Mr Agnew added: “I requested a meeting with Alliance leader Naomi Long and she refused to engage with the Green Party on this issue. I am disappointed that Alliance chose to spurn further co-operation among pro-remain parties.

“The irony is that it was Alliance who turned this into a sectarian issue.

“My final message is to voters – we’ve been right to explore the possibility of a pro-remain pact. However it became clear that there was too much distance between the parties and too little time to bridge the gap.
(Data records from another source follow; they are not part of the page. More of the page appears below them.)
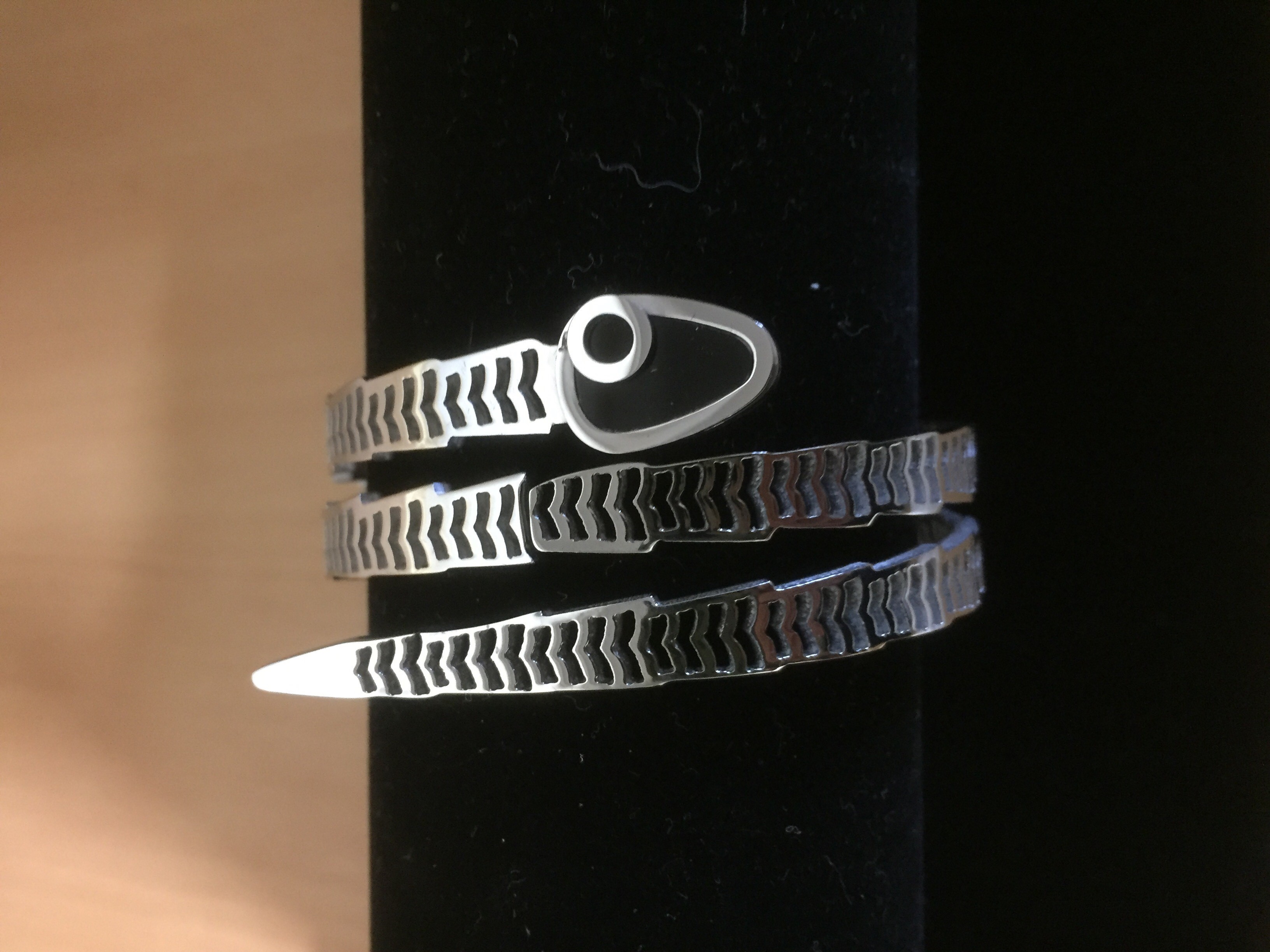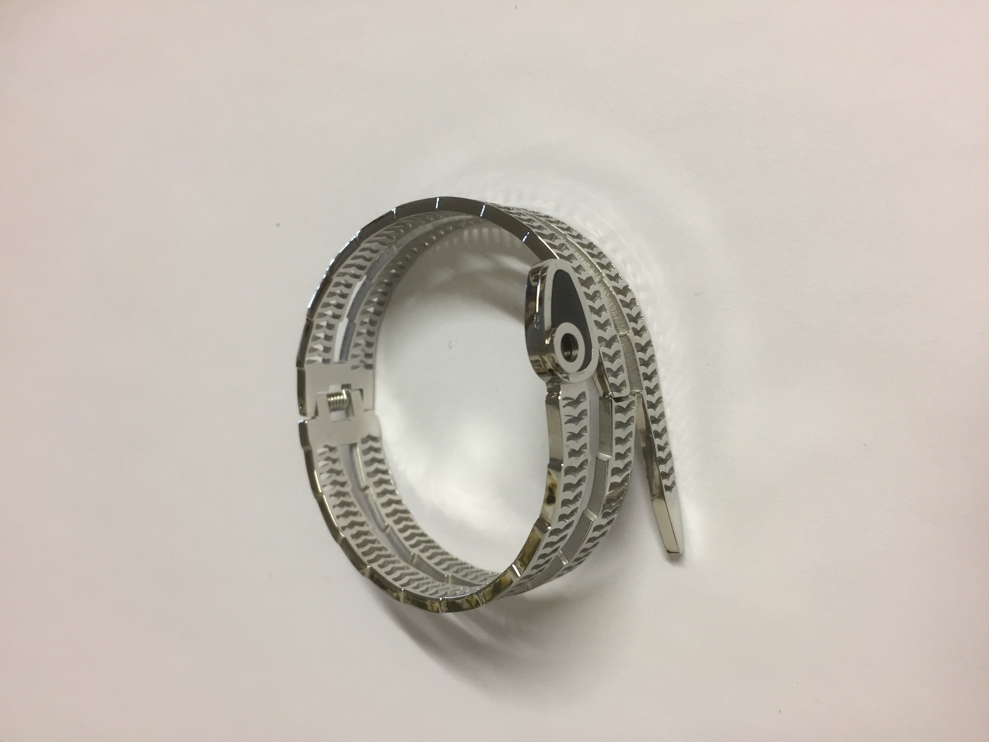 Stainless steel (RVS) armband in de vorm van een slang. Apart maar heel trendy. Deze armband is verkrijgbaar in de kleuren goud, zilver en roze. Door de handige scharniersluiting is het gemakkelijk deze armband om te doen.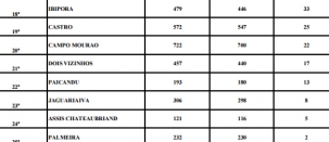 Em abril Campo Mourão ficou na 20ª posição no Paraná, à frente de Londrina (56ª), Maringá (58º) e Curitiba (60ª).
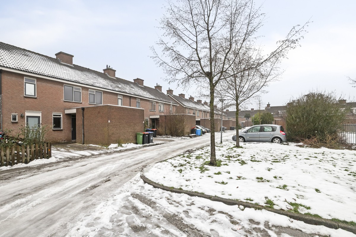 Via de voortuin met parkeren op eigen terrein, bereikt u de entree van de woning.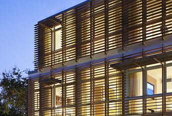 Stephen Yablon Architect added on a striking modern pavilion to a traditional beach house in Sullivan's Island, South Carolina. The ipe-wood louvered addition is only 15 and a half feet wide. Photo by Michael Moran.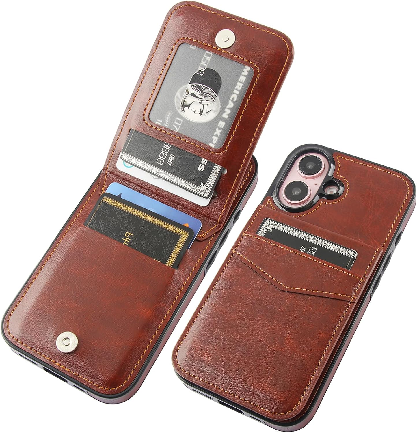 KIHUWEY Compatible with iPhone 16 Case Wallet with Credit Card Holder, Flip Premium Leather Magnetic Clasp Kickstand Heavy Duty Protective Cover for iPhone 16 6.1 Inch (Brown)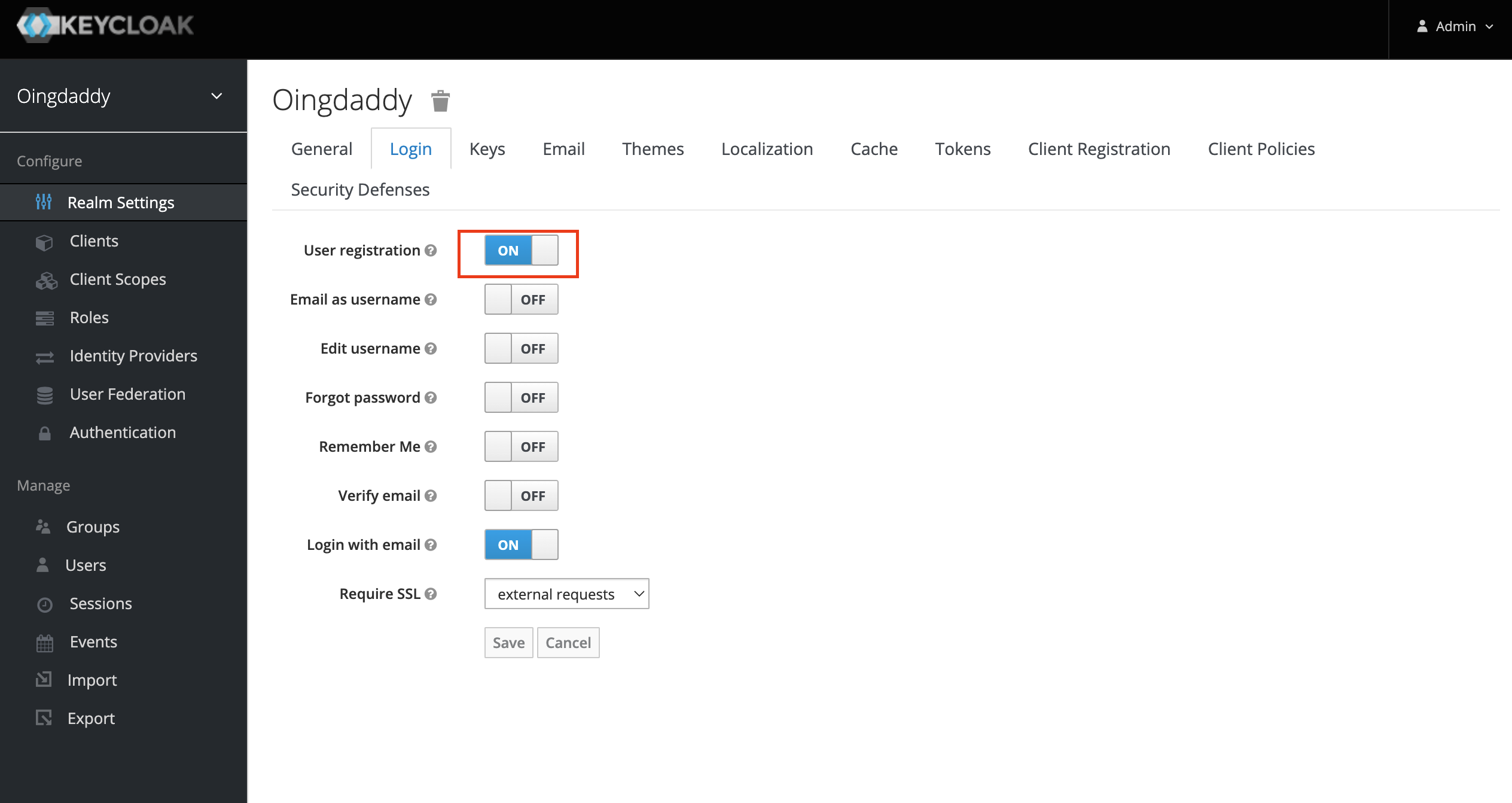 회원가입 부분은 realm 설정에 들어가서 User registeration을 활성화 시키면 로그인 페이지에 회원가입 페이지로 이동할 수 있는 버튼이 하나 생깁니다.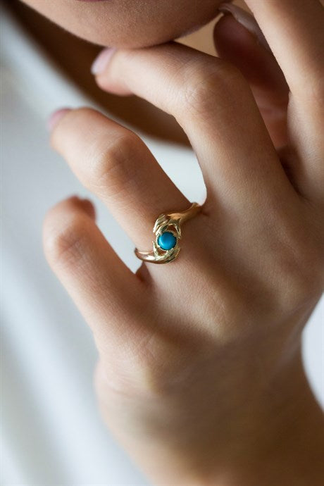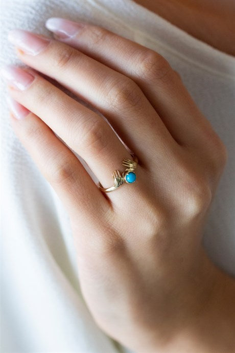 Solid Gold Turquoise Gemstone Hugging Hands Ring | 14K (585) | 1.39 gr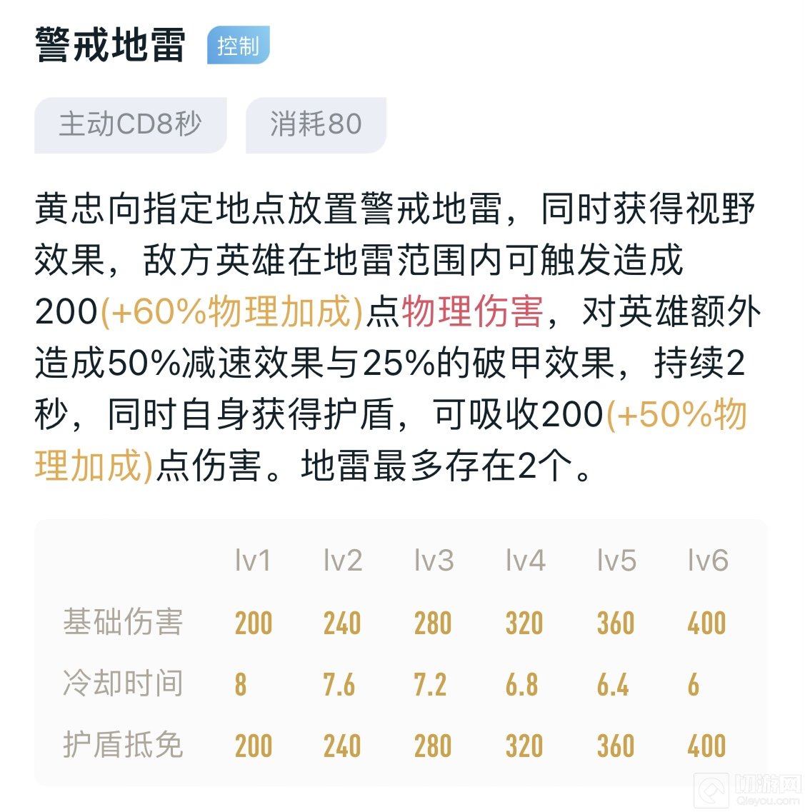 黄忠在开启大招的时候,如果再次点击大招,收起炮台大约需要1秒钟左右,而使用一技能可以瞬间收起炮台,并且增加移速。二技能可以用来探草的,前期对线的时候放在靠近河道的草丛里,走河道来支援的敌方中野碰到地雷即暴露视野。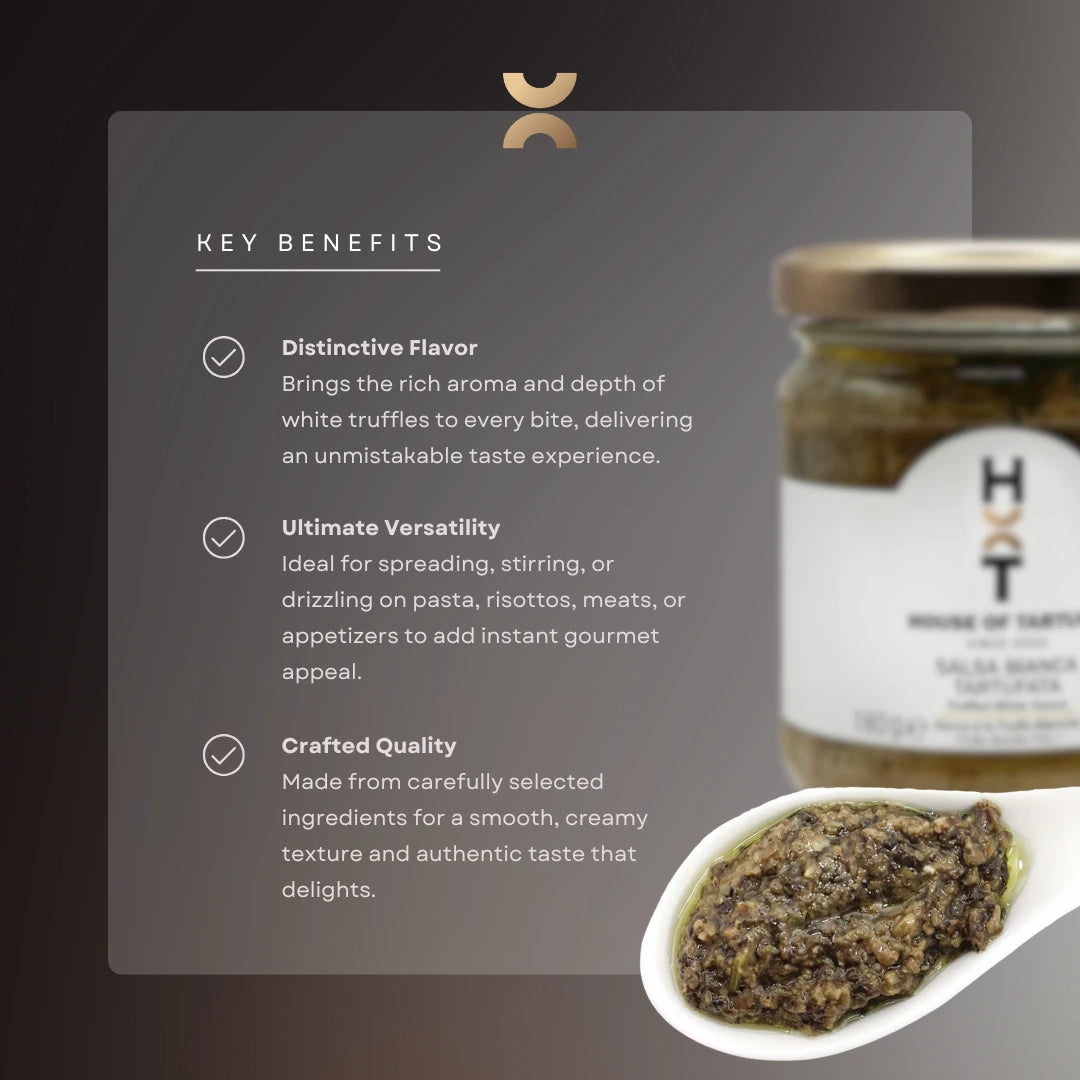 Creamy, refined and deeply aromatic, our White Truffle Sauce blends the natural essence of white truffle with premium champignon mushrooms. Crafted in Italy, it’s perfect for elevating everyday meals or professional recipes with elegance and flavor.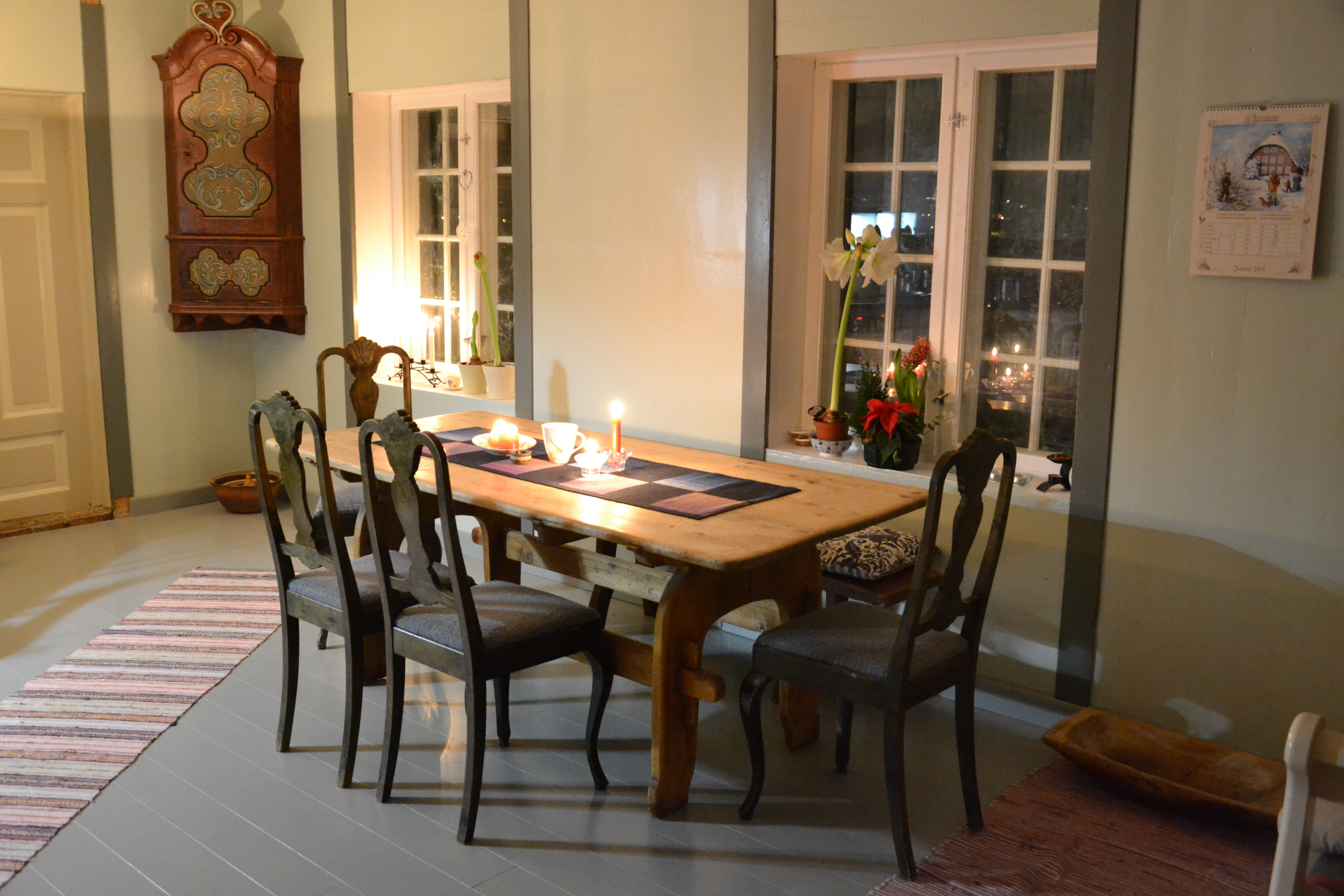 Vårt gamle kjøkkenbord passer godt inn. Stolene som kommer fra en auksjon på Kvikne, og var eierens svennestykke, er utrolig gode å sitte på. De passer kanskje ikke helt inn sammen med bordet, rent stilmessig, men pytt!

“We’re committed to putting you first, to put people ahead of party politics. This means opposing Brexit, protecting our public services and opposing rampant austerity.  After the election we co-operate with any party seeking to achieve these aims.

“We will announce a strong team of Green candidates in due course”.

Sinn Fein's Michelle O’Neill said failure to agree to a pact "may gift seats to pro-Brexit, pro-Tory and anti-equality hardliners".

Ms O’Neill said: “I am disappointed that parties which are opposed to Brexit and Tory cuts and which are pro equality have not been able to agree a progressive alliance to contest the Westminster election.

“This will almost certainly gift seats to some of the most pro Brexit hardliners.

“I would urge those parties to reconsider.

“Sinn Féin remains committed to maximising the anti-Brexit vote in this election.”

In response the Alliance party said the Green Party was now "tainted from chasing a nationalist pact" and said it remained happy to talk to any party on matters of "common cause around policy matters".

A spokesman said: "The Green Party have belatedly recognised their own naivety in even considering pacts, and have become more desperate in doing in the past few days.

"To think Alasdair McDonnell, a socially conservative incumbent SDLP MP, would step aside in South Belfast or Sinn Fein would renounce their long-standing and counterproductive abstentionist policy was never realistic.

"The Green Party is now tainted from chasing a nationalist pact and their seeming desire to turn several constituencies into a sectarian headcount.

"Alliance has been clear from the outset in our rejection of pacts as a matter of principle and we have not been interested in giving any mixed message on that point from having any meetings on the matter.

"We remain happy to talk to any party on matters of common cause around policy matters, including on how we can avoid a hard Brexit and secure a special deal for Northern Ireland."